Hatay'da beton tesisi ve taş ocağı projelerine yürütme durdurma kararı
Mahkeme, Hatay'da bir taş ocağı ile hazır beton üretim santrali tesisi kapasite artışı projesi hakkında yürütmeyi durdurma kararı verdi.
Fotoğraf: Evrensel
Dilek OMAKLILAR
Hatay
Hatay'da 6 Şubat depremlerinin ardından her alanı santral ve taş ocağı ile doldurmaya çalışan şirketlerin talanına karşı çevre mücadelesi sürüyor. Depremin üzerinden yaklaşık 2 yıl geçmesine rağmen birçok sorunla karşı karşıya kalan halk tarımından, su kaynaklarına değin birçok varlıkların kaybına neden olacak taş ocağı ve beton tesislerinin kapasite artırma projelerine karşı mücadelesini de sürdürüyor.
Antakya Çevre Koruma Derneği ile avukatların açtığı davalar hukuki mücadele örneklerinden sadece bir kaç tanesi. Son olarak geçtiğimiz günlerde bir taş ocağı ve bir de hazır beton tesisi projesine yürütmeyi durdurma kararı verildi.
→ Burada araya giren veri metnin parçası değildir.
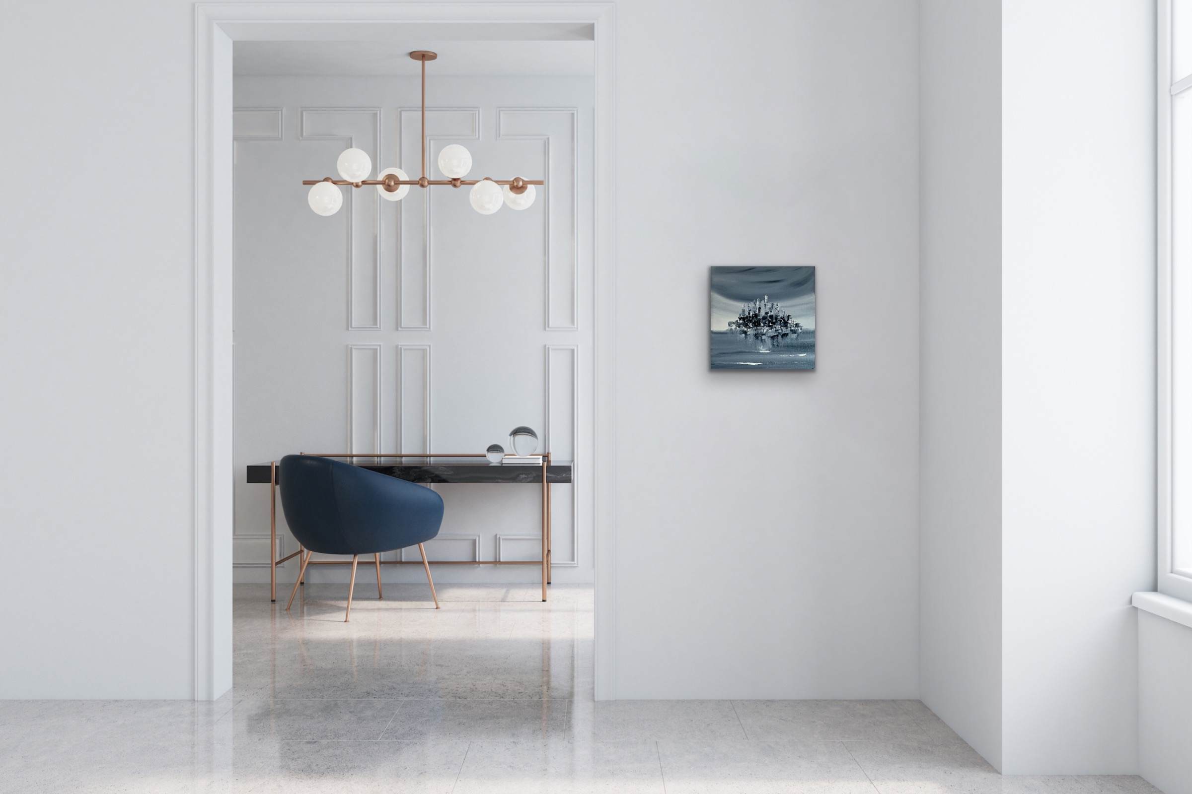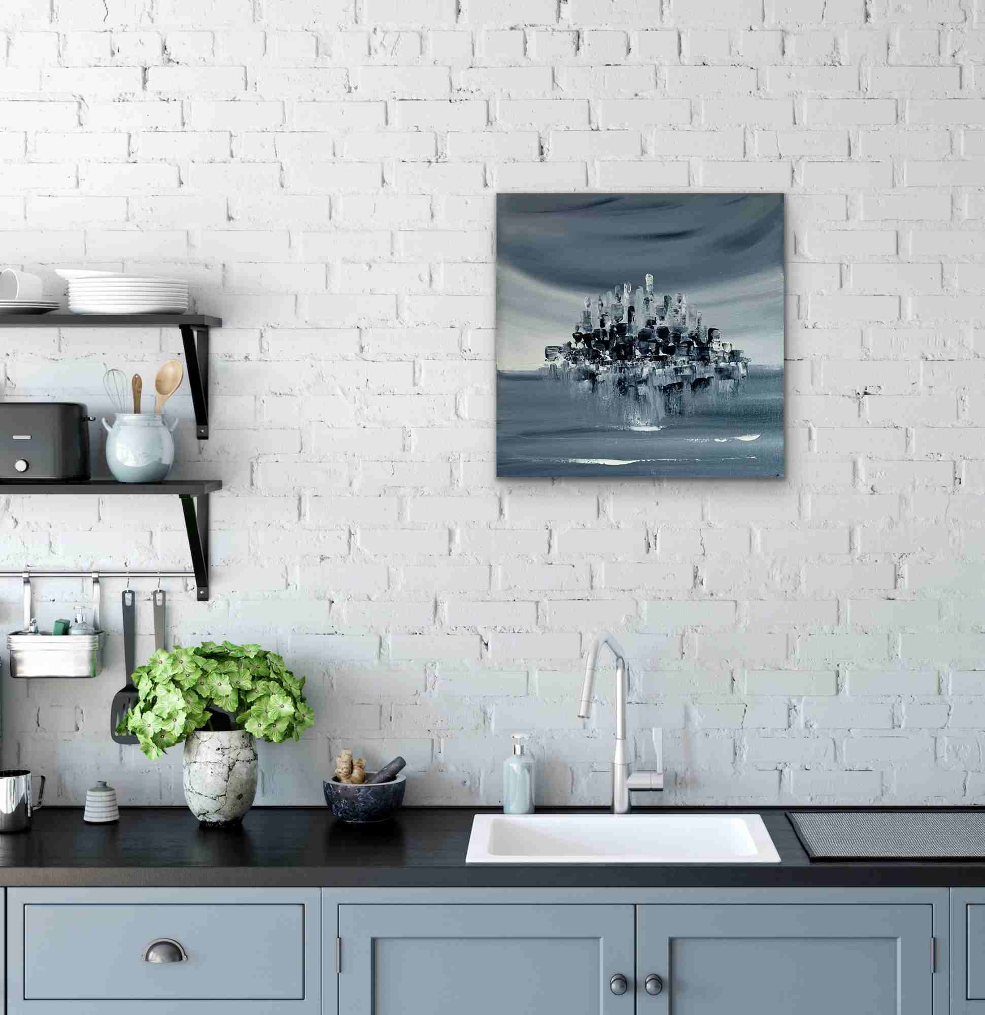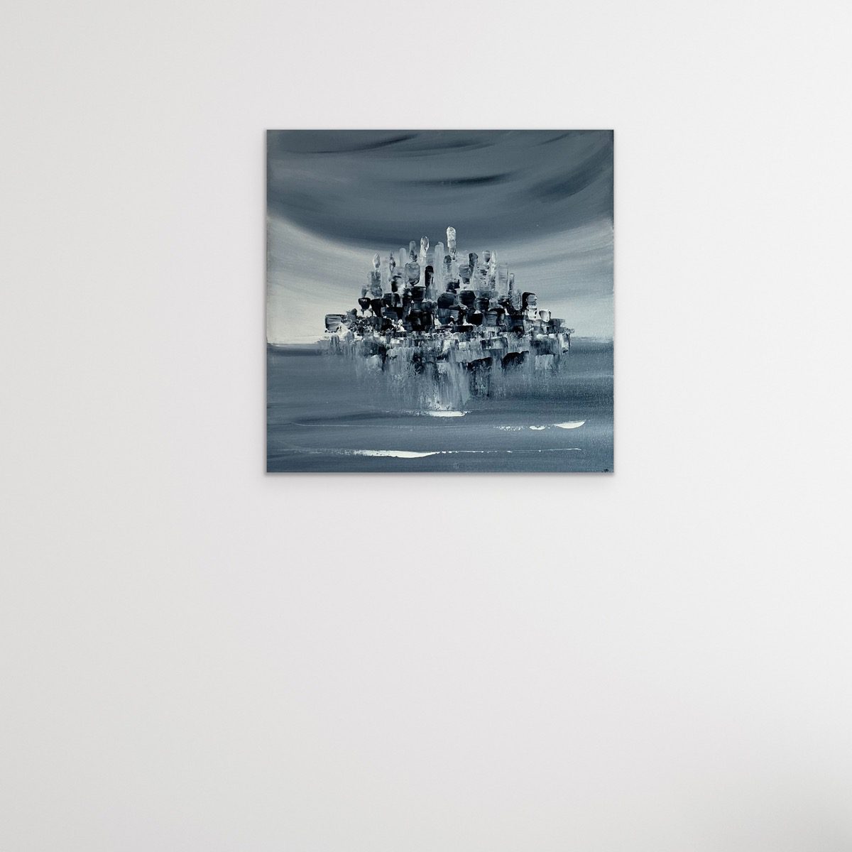 Ce tableau 40×40 cm joue sur les contrastes graphiques , les ombres et la lumière pour suggérer Manhattan sous la pluie, la brume ou l’orage. La composition abstraite et urbaine évoque à la fois l’architecture, les gratte-ciel et le rythme de la métropole, dans un style contemporain épuré et puissant.

Antakya’nın Döver Mahallesi sınırları içerisindeki ve Bozlu Mahallesi’ni olumsuz etkileyen taş ocağına karşı açılan davada Hatay 3. İdare Mahkemesi yürütmeyi durdurma kararı verdi.
Çevresel Etki Değerlendirmesi (ÇED) Gerekli Değildir, kararının hukuka aykırı olduğuna ve projenin su kaynaklarını tehdit ettiğine dikkat çekilen yürütmeyi durdurma kararının gerekçelerinde ise ekosistemin parçalanması, flora ve fauna üzerinde olumsuz etkiler, iklim değişikliğine bağlı felaketlerin artışı ve zeytinliklere yakınlık, proje alanında köy merası ve dini kutsal alanların bulunması yer aldı.
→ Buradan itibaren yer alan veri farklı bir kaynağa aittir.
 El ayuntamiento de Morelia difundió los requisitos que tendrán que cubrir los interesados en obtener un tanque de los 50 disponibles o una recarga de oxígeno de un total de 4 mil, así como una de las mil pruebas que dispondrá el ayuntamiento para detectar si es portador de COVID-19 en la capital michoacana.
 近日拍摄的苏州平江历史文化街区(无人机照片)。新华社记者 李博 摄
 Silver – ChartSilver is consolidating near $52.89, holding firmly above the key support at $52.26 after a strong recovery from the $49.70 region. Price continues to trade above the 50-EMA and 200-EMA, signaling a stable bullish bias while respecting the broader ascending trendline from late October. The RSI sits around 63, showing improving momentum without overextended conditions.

SAMANDAĞ’DAKİ PROJEYE DE “DUR” DENİLDİ
Yine Samandağ Atatürk Mahallesi’nde, Gürkal İnşaat Şirketi tarafından yapılması planlanan "Hazır Beton Üretim santrali tesisi kapasite artışı” projesi için Hatay Valiliği tarafından verilen ÇED gerekli değildir kararına yürütmeyi durdurma kararı çıktı. Hatay 3. İdare Mahkemesinin verdiği yürütmeyi durdurma kararındaki şu ifadeler yer aldı:
“Beton üretim santralinin konumunun şehrin tam ortasında bulunması dolayısıyla bölge halkını, yakınında bulunan Asi Nehrinin flora ve faunasını, ayrıca bölgeye çok yakın bir konumda bulunan eğitim kurumunu ciddi ölçüde etkilediğinin tespit edildiği, tarım alanlarını olumsuz yönde etkilemesi ve tarımsal üretimin azalmasına neden olması olasılığının mevcut olduğu, kapasitenin 4 katına çıkarılmasını karşılayacak altyapı, iş makinaları güzergahı ve çevresel koşulların yeterli olmadığı sonuç olarak dava konusu projenin yüzey ve yeraltı sularına, çevreye, yerleşim yerlerine, tarım ve orman alanlarına, insan sağlığına olumsuz etkilerinin bulunduğu anlaşıldığından, dava konusu ÇED Gerekli Değildir kararında hukuka, mevzuata ve kamu yararına uygunluk bulunmadığı sonucuna varılmıştır.”
“SAĞLIKLI BİR ÇEVREDE YAŞAMA HAKKI MÜCADELEMİZ SÜRECEK”
Antakya Çevre Derneği Koruma Derneği Başkanı Nilgün Karasu kararların emsal olması dileğini paylaşarak, "Çevre katliamlarına karşı yürüttüğümüz süreçlerde hiçbir desteğini esirgemeyen başta derneğimiz Avukatı Ecevit Alkan’a ve Av Fevzi Özlüer’e çok teşekkür ediyoruz. Her zaman olduğu gibi çevre katliamlarına karşı her türlü mücadelemiz var olacaktır. Yitirilen çevre değil, geleceğimizdir. Sağlıklı ve nitelikli çevrede yaşama hakkı mücadelesini sürdürmekte kararlıyız" dedi.